◆ Your assignment:
Copy word for word the lines of the records below, beginning at the one with "The Gaia-ESO Survey" and finishing at the one with "Soft Jersey Rib", ends included, but none of the pictures.

◆ The records:
*-*-*

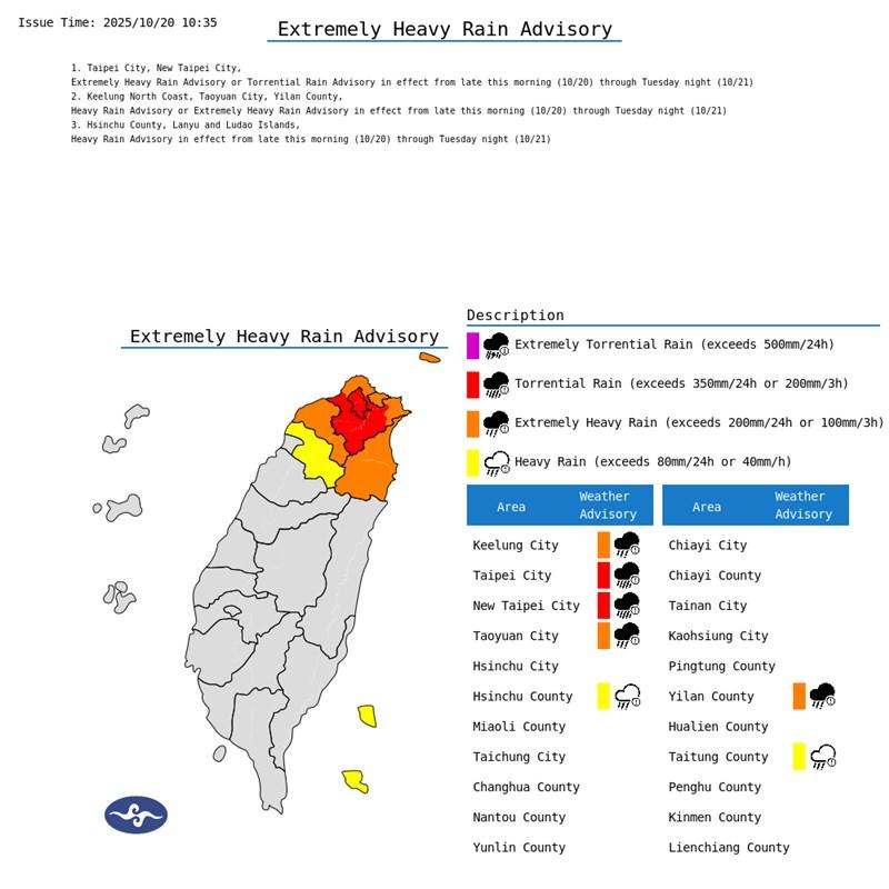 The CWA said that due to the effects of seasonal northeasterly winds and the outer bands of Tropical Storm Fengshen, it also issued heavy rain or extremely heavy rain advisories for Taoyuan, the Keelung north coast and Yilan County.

*-*-*

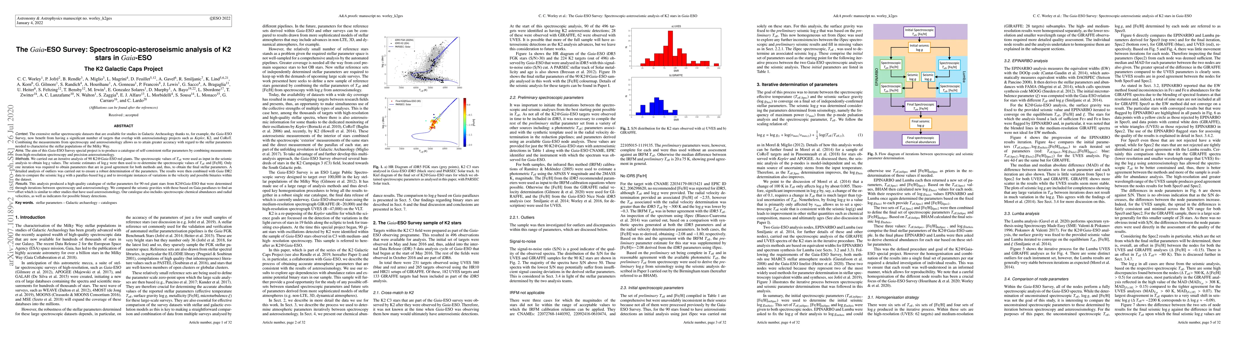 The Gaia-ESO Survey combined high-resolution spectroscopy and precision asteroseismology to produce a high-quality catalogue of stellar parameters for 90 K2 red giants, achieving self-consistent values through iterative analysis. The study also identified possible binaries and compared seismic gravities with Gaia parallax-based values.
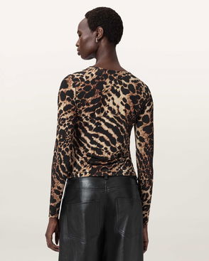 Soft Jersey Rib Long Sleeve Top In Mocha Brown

*-*-*

◆ Solution for this exercise:
 The Gaia-ESO Survey combined high-resolution spectroscopy and precision asteroseismology to produce a high-quality catalogue of stellar parameters for 90 K2 red giants, achieving self-consistent values through iterative analysis. The study also identified possible binaries and compared seismic gravities with Gaia parallax-based values.
 Soft Jersey Rib Long Sleeve Top In Mocha Brown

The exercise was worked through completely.